# Pikevilla



## Brad Anderson (Apr 1, 2002)

Has anybody encountered the never ending schools of pike on DL this year. I'm sure if you've fished on DL this year you've caught a couple at least. The last 3 outings to DL have produced at least 100 northerns a day, thats only what I caught. How can a walleye even get a chance to bite when there a literally 1000's of northerns swimming around?? I thought that spearing would bring the population down, but now am fearing that all spearing is doing is getting rid of the real big pike and leaving the lake infested with 5 pounders.
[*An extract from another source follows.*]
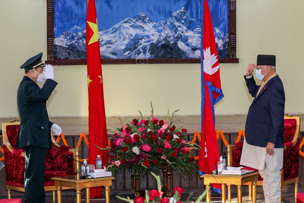 काठमाडौं । प्रधानमन्त्री केपी शर्मा ओली र चिनियाँ स्टेट काउन्सिलर एवं रक्षामन्त्री वेइ फेङ्हेबीच भेटवार्ता भएको छ ।

Any insights??


----------



## cootkiller (Oct 23, 2002)

The game and fish raised the limit to five northerns a day in the devils lake chain to combat just this problem.
Thing is most boat fisherman and alot of shore fisherman just throw all the pike they catch back. This is not helping in controlling the population. Last night my fiance and I caught five at a little secret bridge. We caught one that was maybe six pound and it had a 9 or 10 inch perch in it. 
I love pike, and those 100 pike days are awesome, still waiting for my first century mark this year.

cootkiller


----------



## Miller (Mar 2, 2002)

Could also help explain why there isn't the perch population like there was a few years ago.5 pound pike are good eating,very similar to a walleye.Might be time to promote taking these class of fish.


----------



## jig head (Mar 24, 2002)

They took all my jigs


----------



## Brad Anderson (Apr 1, 2002)

Well my theory proved to be true after all. A person can catch pike in the worst of conditions, all day long. Saturday was probably the worst day, weather wise, of fishing yet this year. Even with the terrible weather the northerns continued to be ferocious. I watched a guy next to us, fishing specifically for pike, catch 6 pike out of 7 casts. All were 5-6 lbs


----------



## Brad Anderson (Apr 1, 2002)

"Pike" was the catch phrase yesterday. Minnows=lotsa pike. It seemed that as soon as the minnow would hit the water, that a pike had already made dinner of it. Out of all the poeple I saw fishing, only one group was keeping pike. Walleye fishing has to pick up one of these days. With devastating combinations of a east wind, front after front, clouds and rain; no wonder walleyes haven't been biting. Well its back to fleet farm to replenish the tackle box. I might have well just threw my lures in the lake yesterday, since the northerns were stealing them that fast. I did see one pike that weighed approx 20 lbs, which was released. Otherwise 5 ponders all around.


----------